The limitations of this study include that the comparison was based on archival samples, rather than on fresh samples taken in the screening program. We did note 1–4.7% units increased detection of other hrHPV upon re-testing in the cobas 4800, and the de novo testing in the cobas 6800, respectively, compared to the original testing performed in the screening program. This finding was similar between the two assays, and no similar increased detection of HPV16 and/or HPV18 DNA was observed. As these would be low-level infections with less oncogenic types than HPV16/18, the observation is not likely to be of clinical significance.
The overall comparability between prospectively tested fresh samples and testing of archival samples was evaluated and found to be well above the prespecified performance criteria. Also, the fact that the cobas 6800 testing was done only after case ascertainment means that these hrHPV results cannot have affected the original definition of CIN3+ case outcomes diagnosed in 2014–2015. Thus, misclassification deriving from the use of archived samples would be non-differential regarding case-control status and cannot affect the validity or generalizability of our observations.
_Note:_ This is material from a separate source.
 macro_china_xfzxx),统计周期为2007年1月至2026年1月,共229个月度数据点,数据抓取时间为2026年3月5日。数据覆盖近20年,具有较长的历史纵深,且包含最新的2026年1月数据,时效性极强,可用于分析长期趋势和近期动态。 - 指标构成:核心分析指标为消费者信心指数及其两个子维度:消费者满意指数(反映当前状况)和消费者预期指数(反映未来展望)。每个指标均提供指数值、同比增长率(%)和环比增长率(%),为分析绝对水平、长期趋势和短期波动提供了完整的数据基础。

As cobas 4800 had been used for original primary screening in the screening program, it is effectively a “gold standard” test where comparison of a new test cannot possibly result in better performance than the comparator test. However, the results of the new test were so close to the results of the gold standard test that it can safely be concluded that it has similar performance.
Recently, in a study separate from ours, the cobas 6800 was clinically evaluated according to the Meijer criteria. Similar to our results, they observed high agreement (>98%) for the two assays, and that clinical sensitivity and specificity met the non-inferiority criteria defined to consider an HPV assay as suitable for large-scale laboratory use [8]. Similar conclusions were reached by another validation study in the Australian population-based setting [9], where a relative specificity of 98.9% was observed.
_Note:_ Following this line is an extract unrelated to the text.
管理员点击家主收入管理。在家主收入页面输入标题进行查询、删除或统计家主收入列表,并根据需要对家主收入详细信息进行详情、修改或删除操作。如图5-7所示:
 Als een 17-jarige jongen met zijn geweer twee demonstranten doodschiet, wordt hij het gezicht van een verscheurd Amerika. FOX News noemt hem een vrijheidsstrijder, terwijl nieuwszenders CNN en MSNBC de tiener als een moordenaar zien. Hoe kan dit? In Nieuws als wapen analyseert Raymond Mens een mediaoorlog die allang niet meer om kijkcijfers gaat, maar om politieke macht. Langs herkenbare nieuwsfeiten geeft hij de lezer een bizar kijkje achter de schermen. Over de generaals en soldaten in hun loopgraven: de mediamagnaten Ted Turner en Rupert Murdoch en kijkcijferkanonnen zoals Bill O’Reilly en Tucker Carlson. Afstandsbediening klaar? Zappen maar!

We conclude that the cobas 6800 HPV test system had a similar, high performance as the cobas 4800 HPV test system when evaluated using cervical samples taken before CIN3+ in a real-life primary HPV screening program. There are now three studies in distinct cohorts, which show similar results on the clinical validity of the system.
Acknowledgments
The authors thank Dr. Nasrin Perskvist and Ms. Emine Eken for sample retrieval, and Drs. Pär Sparén and Jiangrong Wang for data management.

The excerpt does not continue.